Literature DB >> 25940630

Galahad: a web server for drug effect analysis from gene expression.

Griet Laenen¹, Amin Ardeshirdavani¹, Yves Moreau², Lieven Thorrez³.

Abstract

Galahad (https://galahad.esat.kuleuven.be) is a web-based application for analysis of drug effects. It provides an intuitive interface to be used by anybody interested in leveraging microarray data to gain insights into the pharmacological effects of a drug, mainly identification of candidate targets, elucidation of mode of action and understanding of off-target effects. The core of Galahad is a network-based analysis method of gene expression. As an input, Galahad takes raw Affymetrix human microarray data from treatment versus control experiments and provides quality control and data exploration tools, as well as computation of differential expression.
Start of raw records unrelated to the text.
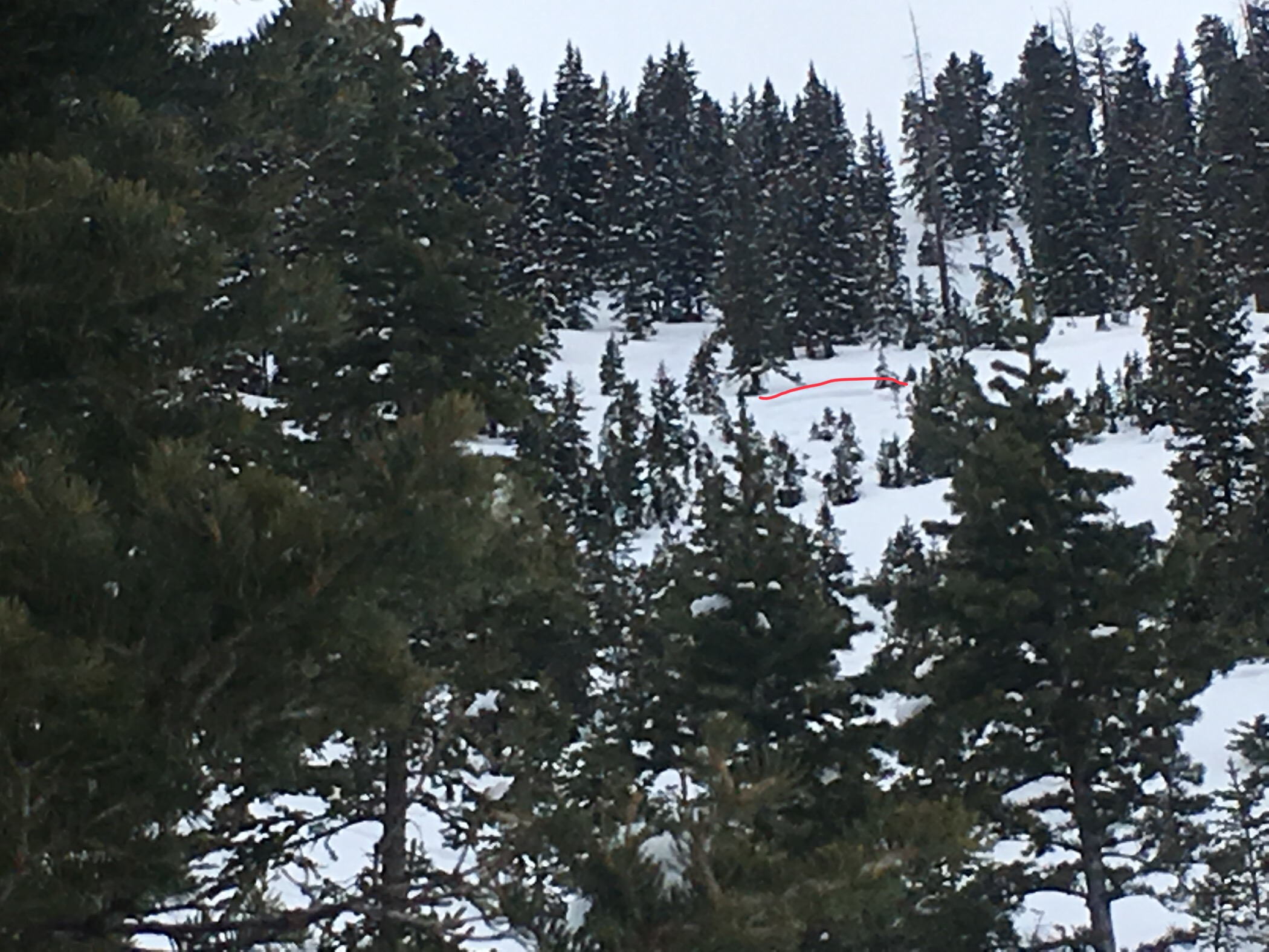We triggered on small slab mid track on this run. My line choice did not allow me to inspect crown but it was 14-18” deep and approx. 20 feet wide. It ran at most 50 vertical feet. Failed on small convexity. Some rocks were just visible in bed surface. My best guess was that this failed on an old bed surface based on old crown several hundred vertical feet above, but it’s depth also corresponds to 1/20 interface.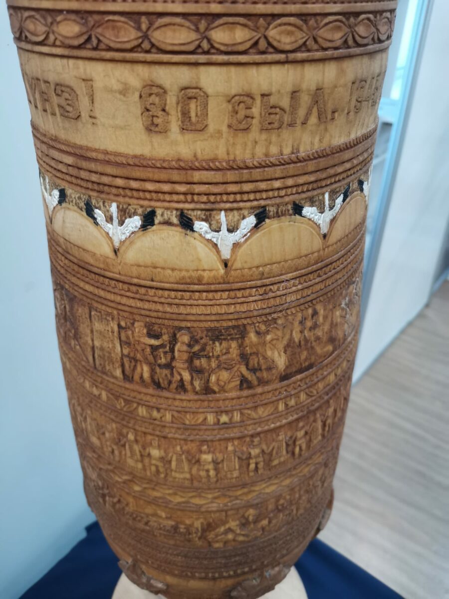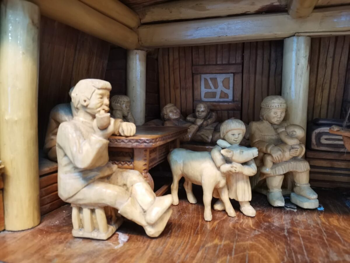 На выставке представлена цельная композиция «Сказание Олонхо у богатого Тойона», которую мастер вырезал в течение 2007 и 2008 годов.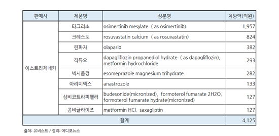 아스트라제네카는 20개 제품 중 8개 제품이 블록버스터로 나타났다. 특히 아스트라제네카는 회사 매출이 4653억원인제, 블록버스터 제품들의 원외처방액 합계가 4125억원으로 88.7%를 견인하고 있다.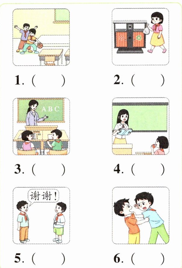 【主题:人与社会——班级与学校规则,规则意识】四(1)班的同学们一起制订了班规。请判断下列行为是(T)否(F)符合班级规定。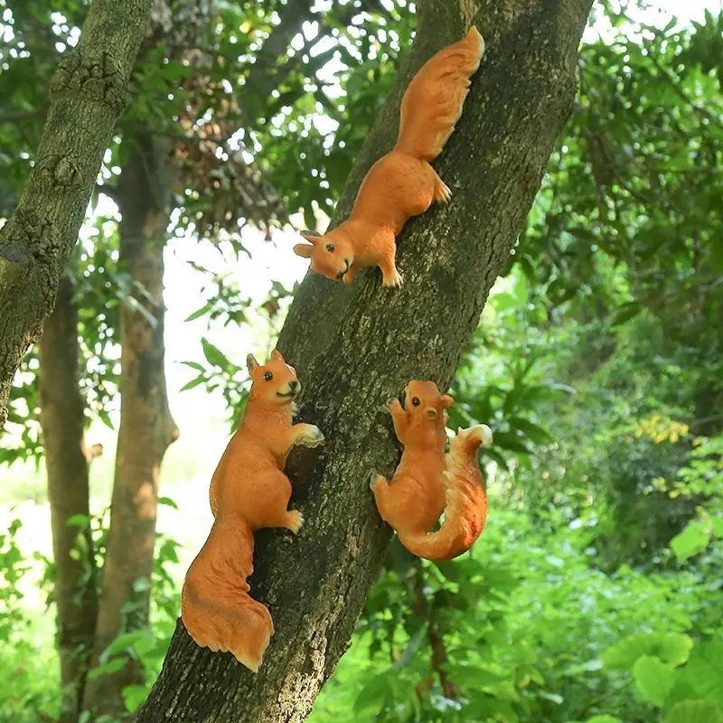 Kreatív Ág Kerti Udvari Dekoráció Fa Dekoratív Díszek Mókus Állati Szimulációs Szobor Kültéri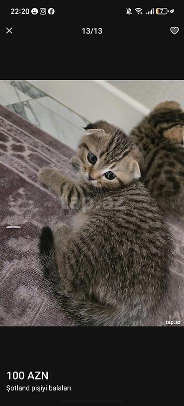 Skotish Fold balaları – ev pişiyi - Cins: Scottish Fold (qıvrıq qulaqlı) - Rənglər: qızılı shaded/tabby və krem-açıq (şəkillərdə) - Xüsusiyyətlər: iri mavi-göy gözlər, yumşaq sıx tük örtüyü, kompa...Giriş•Qeydiyyat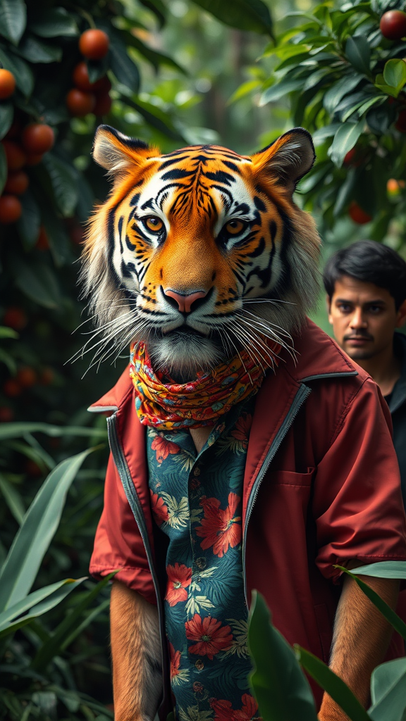 A tiger sporting a vibrant jacket and scarf over a Hawaiian floral shirt stands in a dense jungle setting, surrounded by lush greenery. Nearby, a man in a stylish jacket appears, reminiscent of Christian W. Staudinger's work. The scene captures an animal photography essence fit for an album cover, showcasing a maximalist style with bold eyeliner reminiscent of fking_scifi. It evokes the fantastical style of L. Frank Baum against a vivid fruit-laden backdrop, presented in a panoramic view. The scene is shot with a cinematic 16mm camera, color graded to emulate Portra 400 film, highlighting remarkable, realistic colors. The tiger's skin is ultra-realistic, with detailed textures and pupils, and subtly shows skin noise, fuzz, and dryness. This RAW candid cinematic moment is captured without visual flaws or distortions, avoiding bland or exaggerated caricatures, focusing instead on high-quality artistic expression.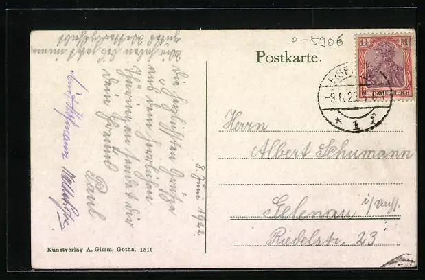 alte Ansichtskarte, gelaufen 1922, Eckknick li. unten, Oberflächenschaden, guter Zustand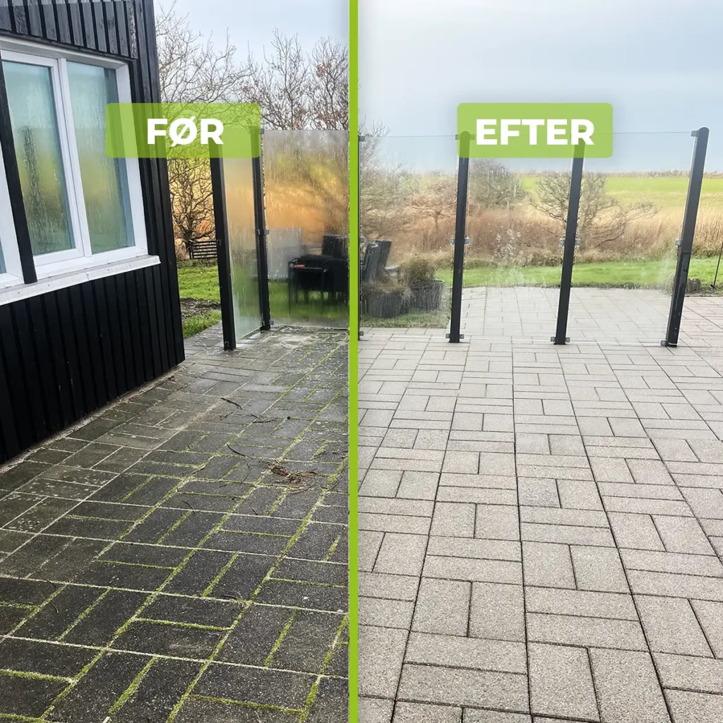 Vores professionelle algebehandling forebygger mos, alger og grønne belægninger, så både tag og fliser holder sig rene og længerevarende. Vi tilbyder sikre og effektive løsninger for private hjem i Vejle-området.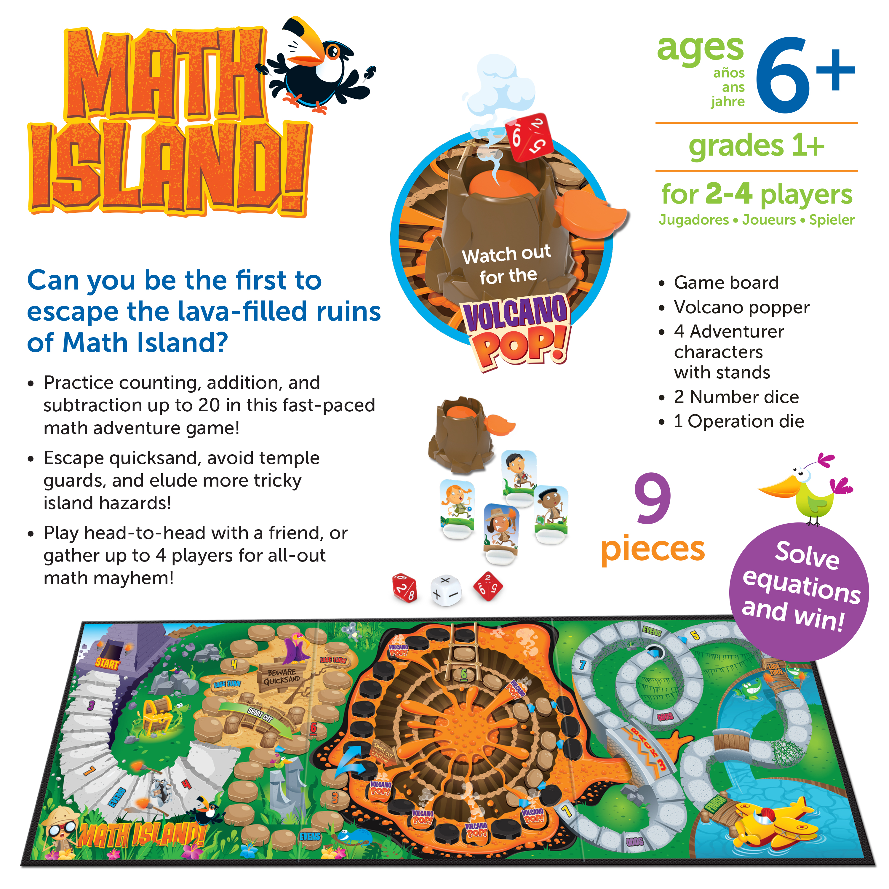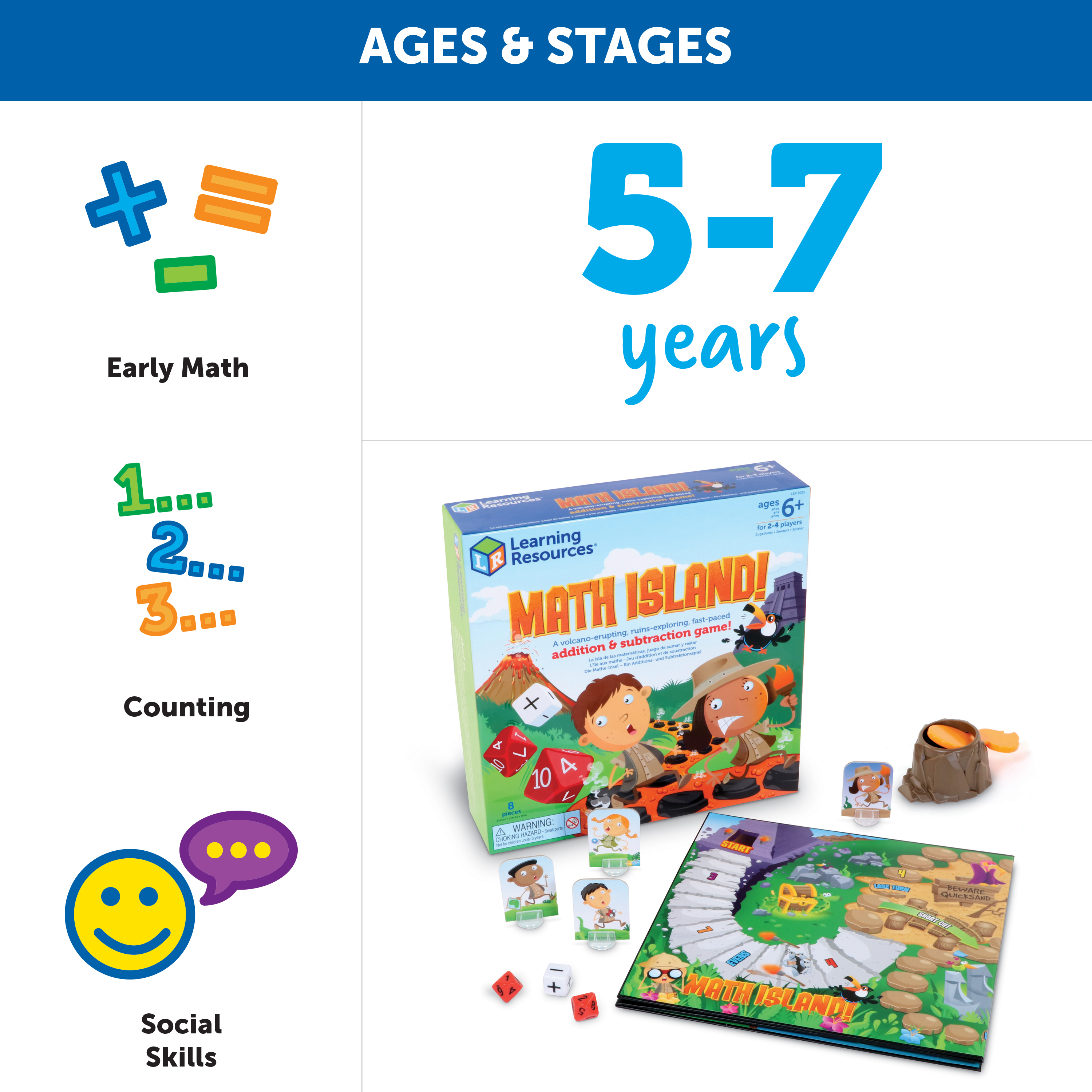 SKU LER5025 Product Title Math Island! Addition & Subtraction Game Brand Name Learning Resources UPC 765023050257 Piece Count 8 Min Target Age 5 Max Target Age 10 TargetGradeMax Fifth Grade TargetGradeMin Kindergarten ProductCategoryProductLine Math Games ProductCategorySubject Games Port of Exit VNHPH Country of Origin VNM Unit Height 2.6 Unit Length 10 Unit Weight 1.2 Unit Width 10 CA prop 65 No Case Height 11.2 Case Length 10.8 Case Quantity 4 Case Weight 5.65 CPQ 0.79 Includes Remote No Marble Warning No MSRP 21.99 Small Ball Warning No Small Parts Warning Yes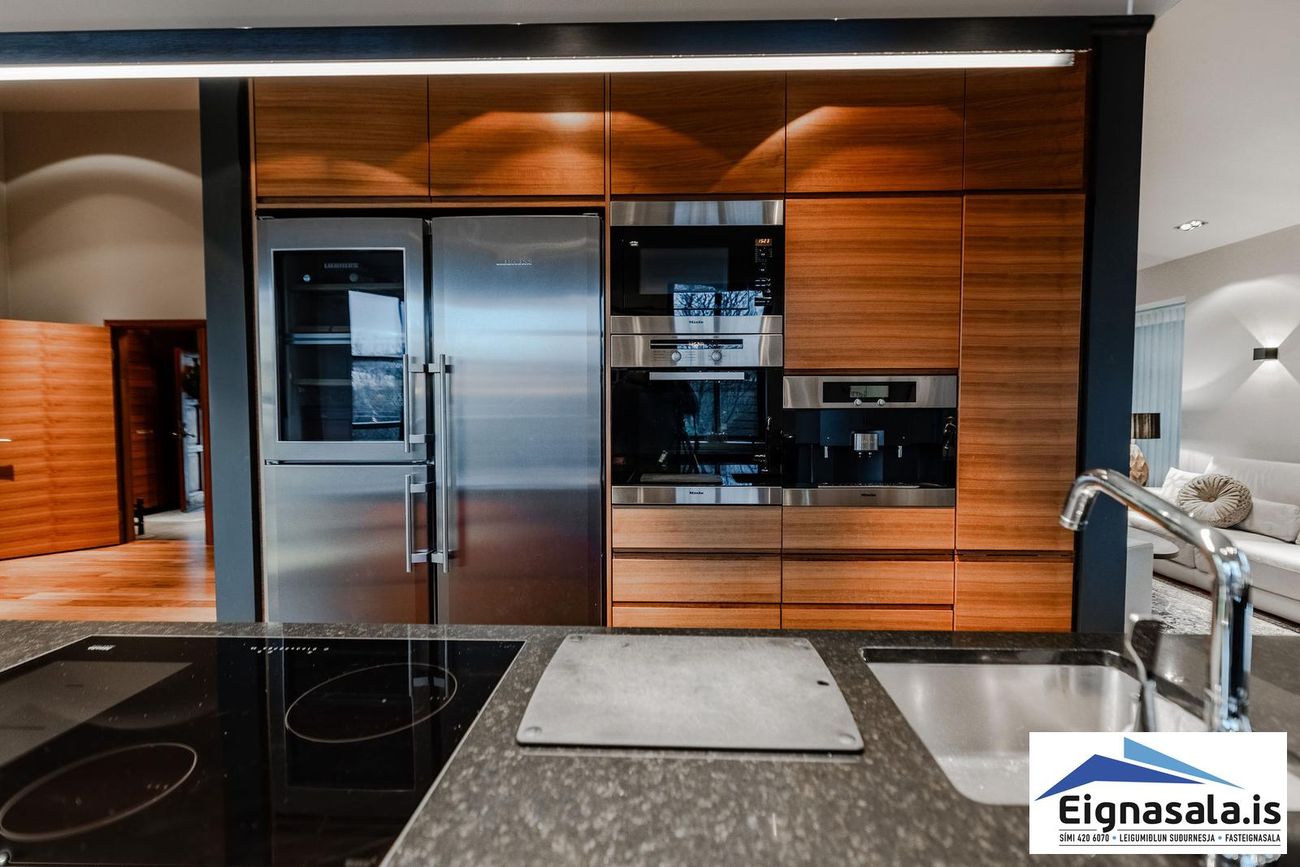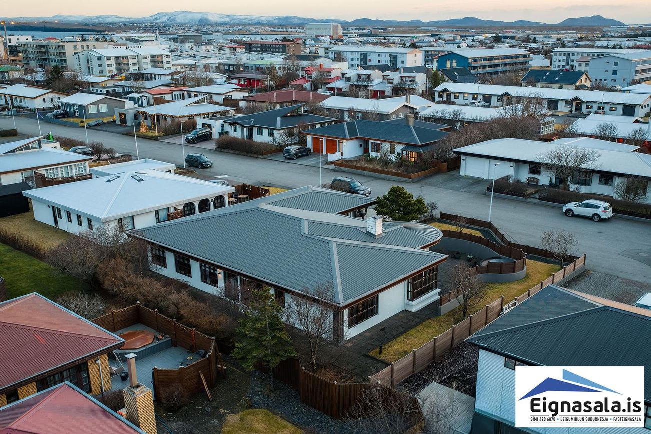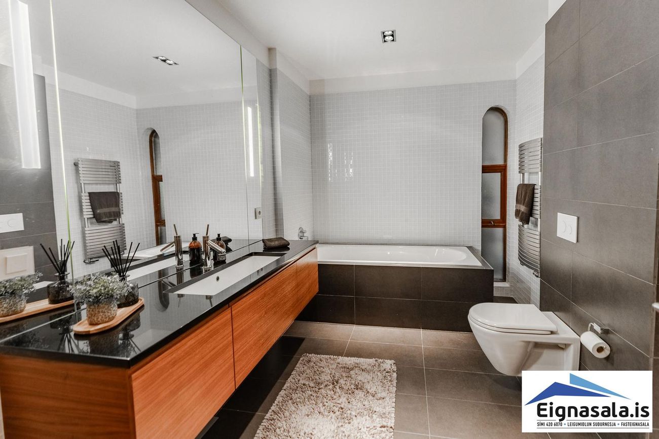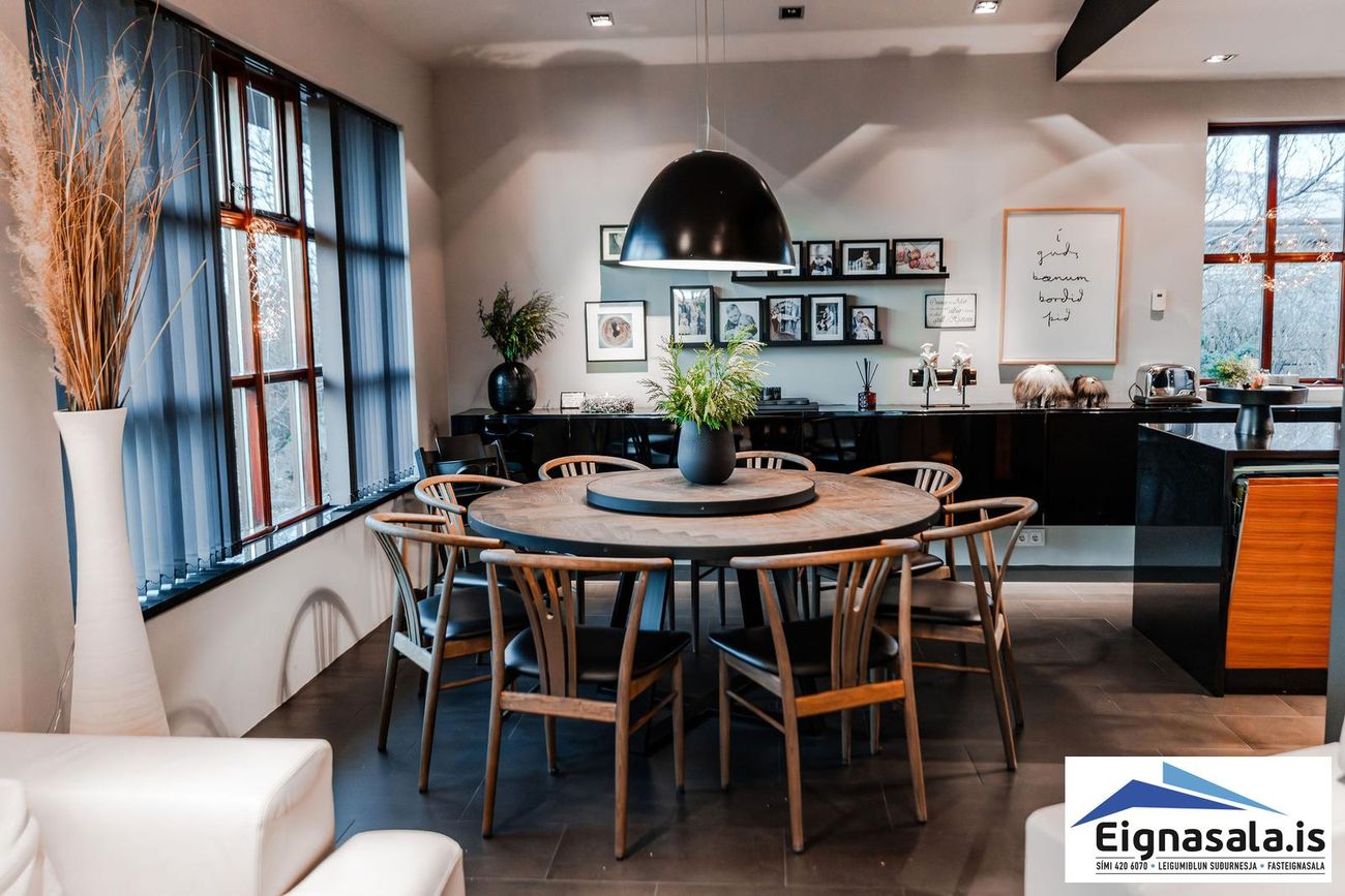 255.2 fm, fimm svefnherbergi, tvö baðherbergi, bílskúr, heitur pottur, gólfhiti í alrými.

Alternatively, differential expression values can be uploaded directly. Using these differential expression values, drug target prioritization and both pathway and disease enrichment can be calculated and visualized. Drug target prioritization is based on the integration of the gene expression data with a functional protein association network. The web site is free and open to all and there is no login requirement.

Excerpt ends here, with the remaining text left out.